Singular $n$:CIWidth.1 <- z * beta.s / sqrt(1) # compute the half-width of the confidence interval using n=1
CI.lo1 <- beta - CIWidth.1 # calculate the lower confidence limit
CI.hi1 <- beta + CIWidth.1 # calculate the upper confidence limit
im1.OR_1 <- exp( cbind( OR = beta, # put everything together and exponentiate
`2.5 %` = CI.lo1,
`97.5 %` = CI.hi1 ) ) %>%
as.data.frame.matrix( . ) %>%
mutate( Parameter = rownames( . ) ) %>%
select( Parameter, everything() )
One last time!
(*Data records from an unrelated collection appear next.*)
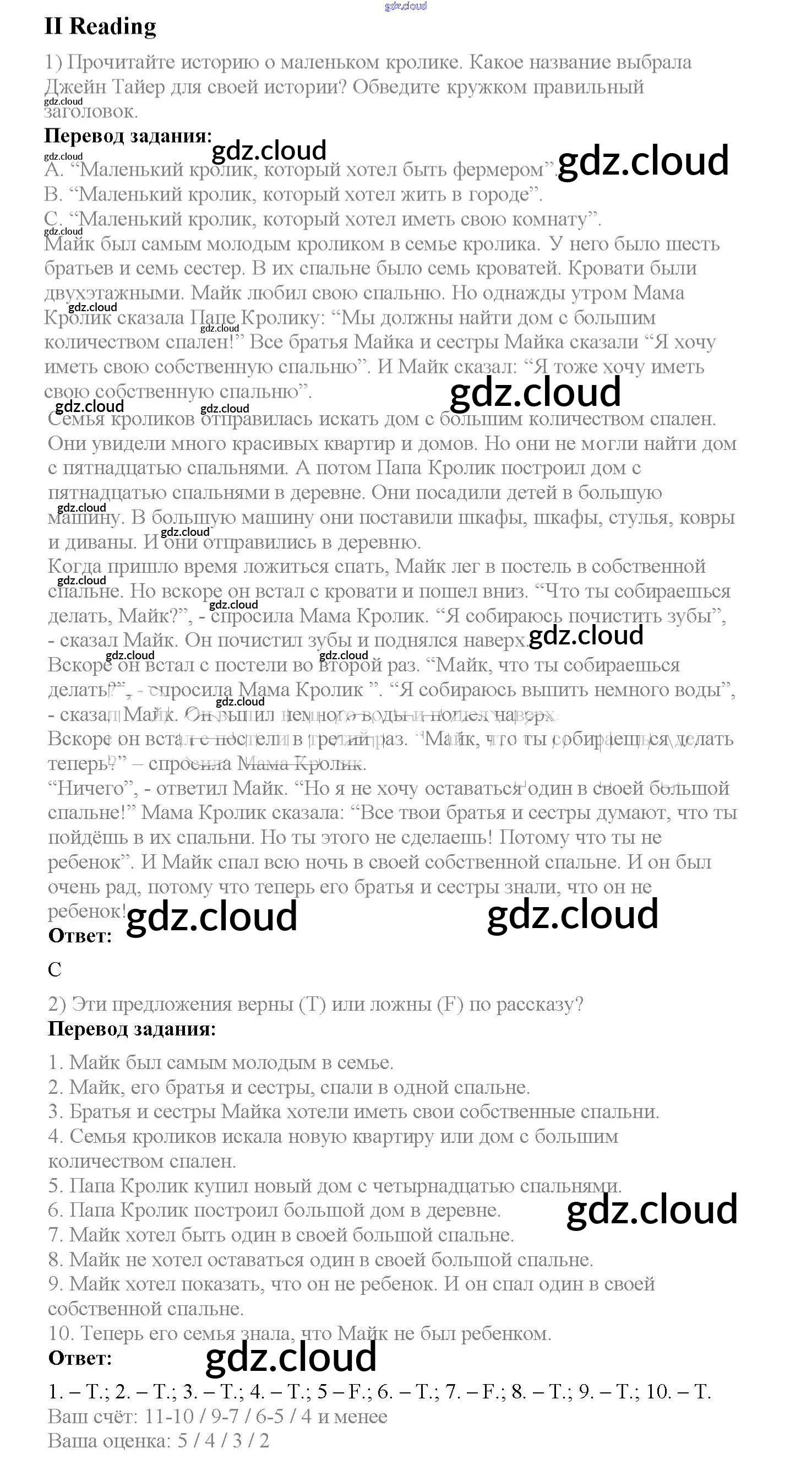 Ответ на задание Reading Рабочая тетрадь Английский язык  за 4 (четвертый) класс Кузовлев, Перегудова, Стрельникова   2013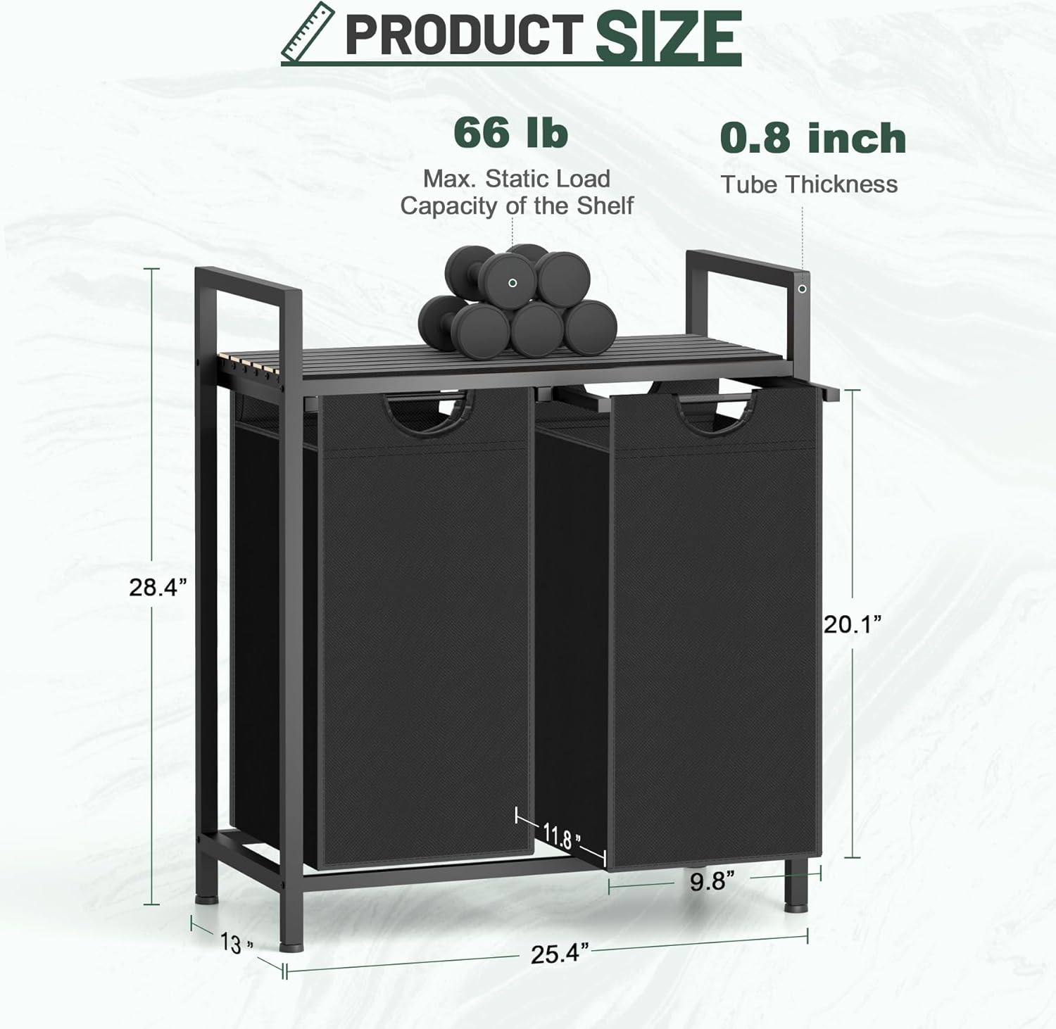 - Construction Design - With 4 adjustable feet, you will not have to worry about stability, and it is also adaptable to different spaces. Adjustable feet protect your floor from scratches. Strong steel frame and water-resistant wood top offer stable support. This laundry hamper comes with detailed instructions manual and all hardware needed, it is easy to assemble.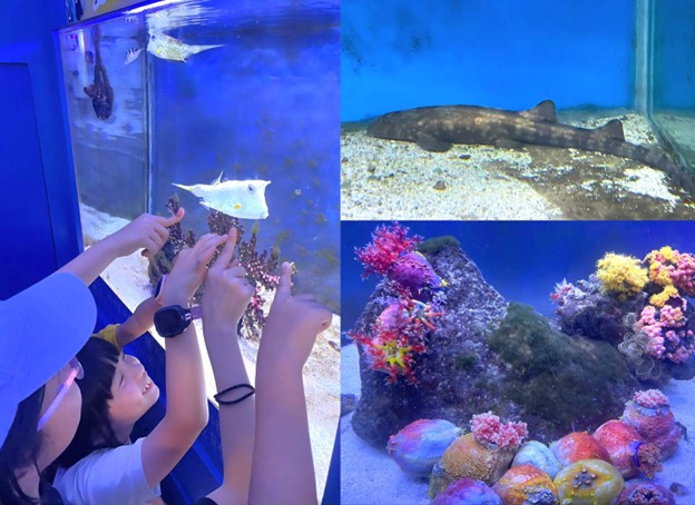 The 200-meter corridor was fitted with 29 large tanks holding more than 500 marine animals, alongside coral fossil displays. Original military signage was preserved, and the former war room became a coral fossil gallery complete with defensive firing slits. The pavilion’s eight themed zones showcased sea stars, seahorses, rays, tropical fish, sharks, and eels—including a 30-year-old giant moray considered the aquarium’s elder resident. Notable exhibits also included a thousand-year-old black coral tree and a massive clam fossil.
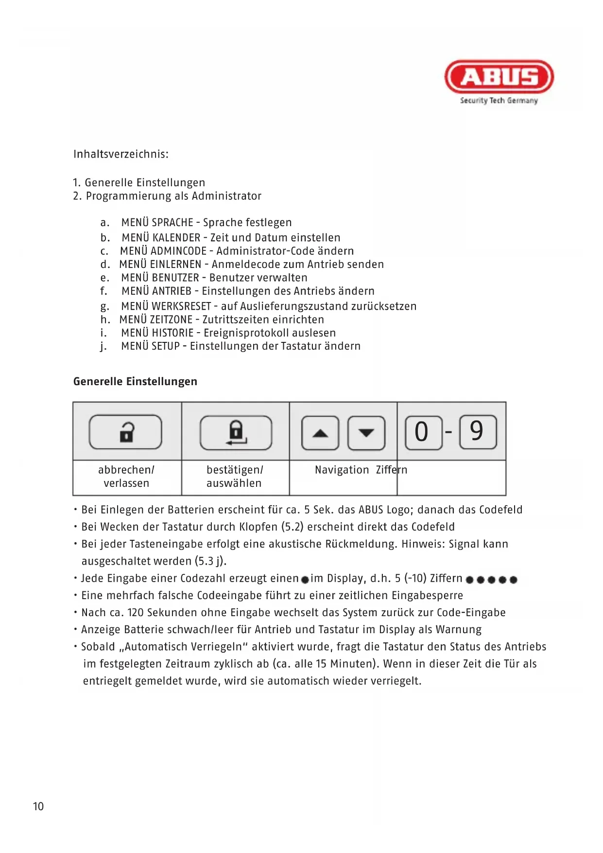 - Bei Einlegen der Batterien erscheint für ca. 5 Sek. das ABUS Logo; danach das Codefeld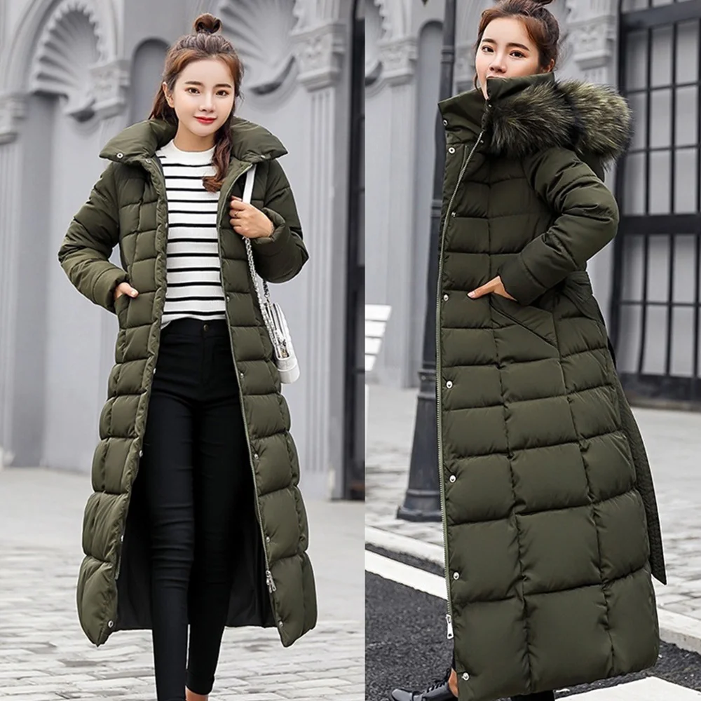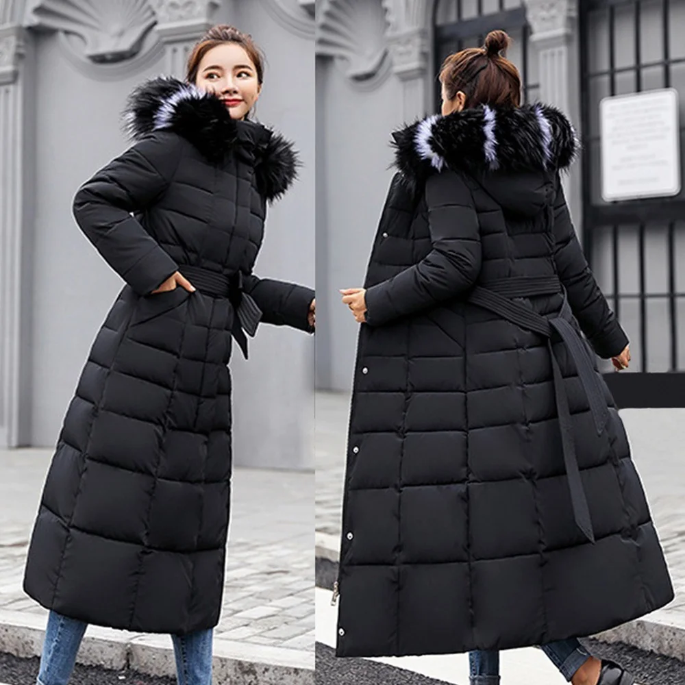 Модное зимнее пальто, женские куртки, толстые хлопковые парки с большим меховым поясом и капюшоном, длинные хлопковые пальто, теплая ветровка, Женская облегающая верхняя одежда

Compare:
## Parameter OR 2.5 % 97.5 % Parameter OR 2.5 % 97.5 %
## 1 (Intercept) 0.3082855 0.2492946 0.3794741 (Intercept) 0.3082855 0.2498973 0.380316
## 2 fruit1 1.2874891 1.0121429 1.6273995 fruit1 1.2874891 1.0156684 1.632056
## 3 fruit2 0.9159739 0.7543939 1.1079502 fruit2 0.9159739 0.7559328 1.109898
## 4 fruit3 0.8640049 0.6672064 1.1066674 fruit3 0.8640049 0.6711598 1.112260
## 5 fruit4 0.8450893 0.6919834 1.0273585 fruit4 0.8450893 0.6936808 1.029545
## 6 <NA> NA NA NA fruit5 1.1613271 0.9667092 1.395126
Much closer; now the CIs are just barely too wide, and appear to be slightly up-shifted.
To reiterate my questions:
- Is $N=1$ the way to go here? If so, why is that the case? My intuition is that $N$ might be the number of cases falling into the particular category for which the estimate is being made.
- If $N=1$ is not the way to go, where am I going wrong?
(If you've made it this far, thank you for reading!)